As soon as acclaimed writer May Brennan (writer/director Cherien Dabis) arrives from New York to her hometown of Amman, Jordan, for her upcoming wedding, it’s clear her carefully laid plans are going to be derailed. For starters, her fiancé Ziad isn’t with her; a distinguished scholar, he had some last-minute work to do and is trailing her by two weeks. This instantly ires May’s Christian mother Nadine (played as a pitch-perfect Old World martyr by Hiam Abbass, of Lemon Tree and The Syrian Bride), making her even more suspect of the man she already disapproves of for being Muslim.

As May and her equally Americanized sisters—giddy, self-absorbed, and confused by May’s apathy—go through the motions of a dress fitting and a bachelorette party at a cheesy resort, May realizes she’s having second thoughts of her own. In one of the film’s most heartfelt moments, she confides her anxiety to one sister as they float in the Red Sea. As May struggles with her ambivalence, matters are made worse by a dramatic encounter with her estranged American father (Bill Pullman) and his young Indian wife, who also live in Jordan. As she’s pulled into the drama of their marriage, it brings back bad memories of her parents’ long-broken relationship, one that Nadine throws in her face as a testament to what happens when you marry outside your culture.
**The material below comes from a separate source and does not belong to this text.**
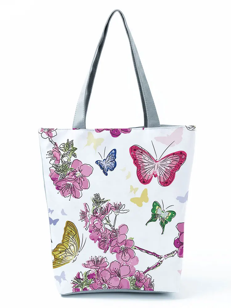 Женская многоразовая сумка-тоут с рисунком бабочки, с цветочным принтом
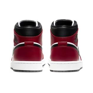 The Jordan 1 Mid Chicago Toe features a black, white, and Gym Red leather and nylon upper. From there, a nylon tongue featuring a black "Jumpman" logo set and a white midsole complete the design.

When Ziad (Alexander Siddig) finally shows up, it seems as if her mother’s wishes for her marriage may come true. But Nadine has a secret of her own, one that may disrupt the family more than May’s conflicted heart. The second feature directed by the Oklahoma-born Dabis (after 2009’s Amreeka), May in the Summer has many lovely small moments, and the bright, dry Jordanian backdrop brings her characters’ deep unease into hyper-focus. Though the pace is slow, it mirrors the quiet grappling going on within May’s mind. A striking twist at the end provides much-needed action in this otherwise fine but sleepy, often meandering film. Opens Fri., Sept. 5 at Sundance Cinemas. Rated R. 99 minutes.